El comandante Donahue miró impacientemente su reloj de pulsera. Después puso las palmas de las manos sobre la mesa e hizo ademán de levantarse. —Bien, ya no hay nada de qué hablar, caballeros.
—No opino igual —dijo Lucky—. Aún falta un pequeño detalle que aclarar. Bigman lo ha planteado muy crudamente, pero tiene toda la razón. Él y yo estaremos en la nave Agrav cuando ésta parta.
—No —dijo el comandante Donahue—. Es imposible.
—¿Acaso el peso de dos individuos más sería demasiado para la nave?
Panner se echó a reír.
—Podríamos mover una montaña.
—¿Es que faltan habitaciones?
El comandante miró a Lucky con extrema desaprobación.
—No pienso explicárselo. No irán con nosotros porque yo no quiero que vayan con nosotros. ¿Está claro?
Brilló una chispa de satisfacción en sus ojos, y a Lucky no le costó demasiado adivinar qué estaba desquitándose del regaño que Lucky le diera a bordo de la Shooting Starr.
Lucky repuso tranquilamente:
—Será mejor que nos lleve, comandante.
Donahue sonrió sardónicamente.
—¿Por qué? ¿Es que va a relevarme de mis deberes por orden del Consejo de Ciencias? No podrá comunicarse con la Tierra hasta mi regreso, y entonces no me importará que me releven o no. —Creo que no lo ha pensado bien, comandante —dijo Lucky—. Pueden relevarle de su puesto con efecto retroactivo a partir de este momento. Así pues, en lo que se refiere a los archivos gubernamentales, constará que la nave Agrav hizo su primer vuelo no bajo su mando sino bajo el mando, oficialmente, de su sucesor, sea éste quien sea. El informe del viaje puede ser incluso corregido para demostrar, oficialmente, que no estaba usted a bordo.
El comandante Donahue palideció. Se levantó y hubo un momento en que pareció querer abalanzarse sobre Lucky.
—¿Qué decide, comandante? —preguntó Lucky.

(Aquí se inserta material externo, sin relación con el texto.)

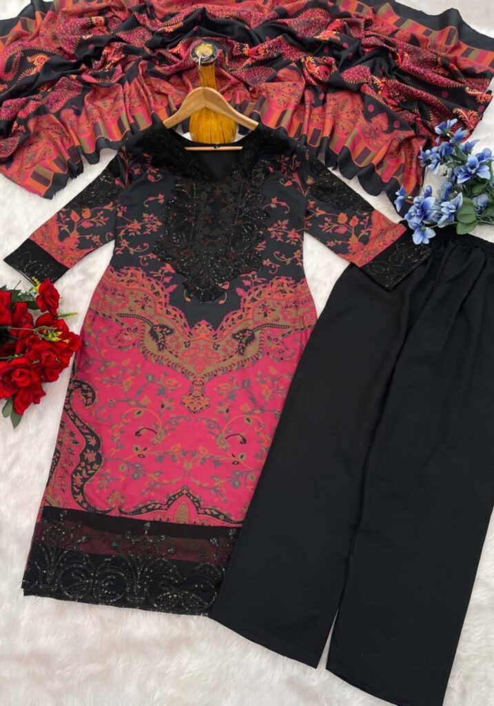 | Fabric Type | Top: Heavy Muslin Cotton With Digital Print With Embroidery Sequence Work Patch With Full Sleeve|Top Inner: Heavy Micro Cotton| Top Length: 47-48 Inch | Bottom: Heavy Micro Cotton With Elastic |Bottom length:40-41 Inch | Dupatta: Heavy Muslin Cotton With Heavy digital print Work| Type: Fully Stitched |

La voz de Donahue parecía de otra persona cuando finalmente se oyó:
—Pueden venir.
Lucky pasó el resto del día en la sala de archivos, examinando el historial de diversos hombres empleados en el proyecto, mientras Bigman, guiado por Panner, iba de laboratorio en laboratorio y de una sala de pruebas a otra.

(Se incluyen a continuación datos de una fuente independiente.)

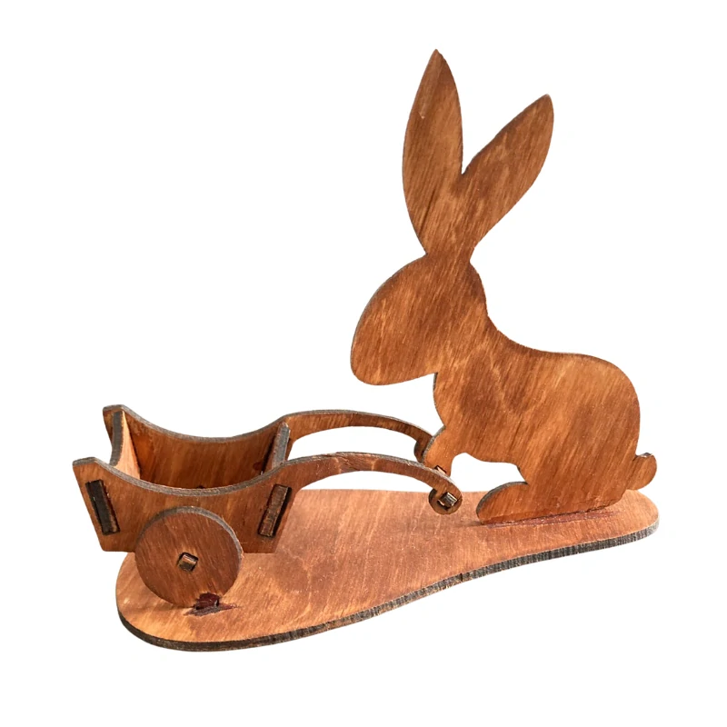 Tento namořený velikonoční trakař se zajíčkem z překližky je krásným doplňkem jarní a velikonoční výzdoby. Je navržený tak, aby do něj bylo možné vložit jednu kraslici nebo čokoládové vajíčko, takže se skvěle hodí jako dekorace na stůl, poličku nebo součást většího aranžmá. Díky velikosti 14,5 cm působí jemně, ale zároveň dostatečně výrazně, aby zaujal na první pohled.

Hasta después de la cena, cuando volvieron a su habitación, no tuvieron oportunidad de estar los dos solos. El silencio que Lucky guardó entonces no era extraordinario, ya que el joven consejero no era hablador ni en el mejor de los momentos; pero tenía una pequeña arruga entre los ojos que Bigman reconoció como un indudable signo de preocupación.
—No estamos progresando nada, ¿verdad, Lucky? —comentó Bigman. Lucky meneó la cabeza. —No demasiado, lo admito.